(Data extracted from a collection)
============================================================

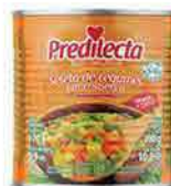
9667 SELETA DE LEGUMES PREDILECTA LATA | 24X170GR 7896292307780
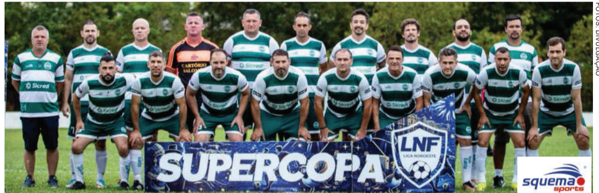
Equipe do Oriental Futebol Clube que disputa a Supercopa dos Campeões 40+

Na primeira fase, as equipes jogam entre si, dentro dos grupos. Os dois primeiros colocados garantem vaga direta para as semifinais. Já os times que terminarem em 2º e 3º lugares disputam uma partida de quartas de final para definir quem avança à semifinal.
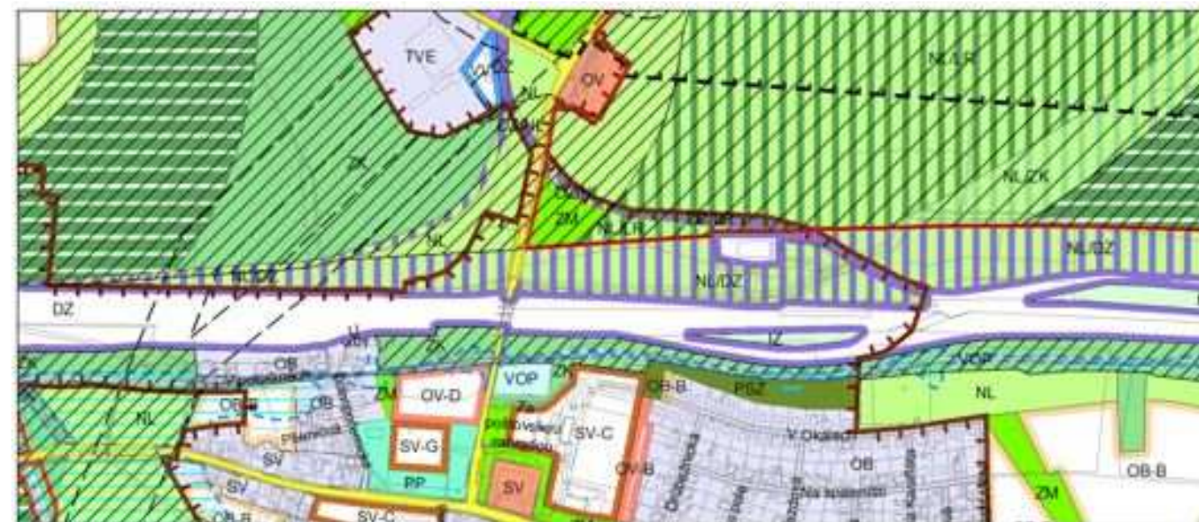
Obrázek 3 Podrobné členění ploch zeleně (výkres č. 31) dle platného ÚP SÚ hl. m. Prahy – stávající stav
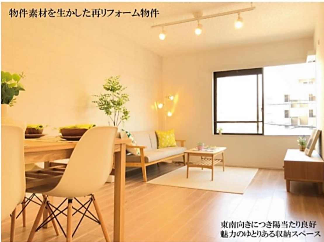
東南向きにつき陽当たり良好 魅力のゆとりある収納スペース
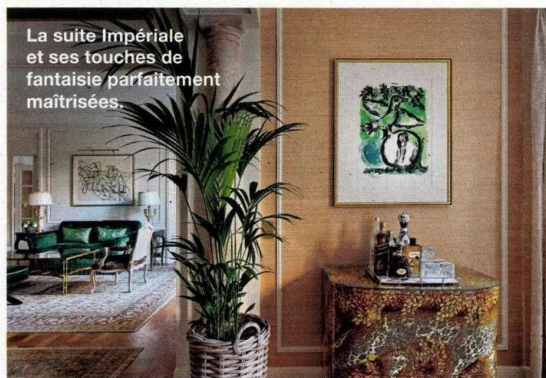
La suite Impériale et ses touches de fantaisie parfaitement maîtrisées.

============================================================

Please write out, word for word, each line from the one with "Na primeira fase, as" to the last line of the data, keeping both ends and omitting pictures.

Na primeira fase, as equipes jogam entre si, dentro dos grupos. Os dois primeiros colocados garantem vaga direta para as semifinais. Já os times que terminarem em 2º e 3º lugares disputam uma partida de quartas de final para definir quem avança à semifinal.
Obrázek 3 Podrobné členění ploch zeleně (výkres č. 31) dle platného ÚP SÚ hl. m. Prahy – stávající stav
東南向きにつき陽当たり良好 魅力のゆとりある収納スペース
La suite Impériale et ses touches de fantaisie parfaitement maîtrisées.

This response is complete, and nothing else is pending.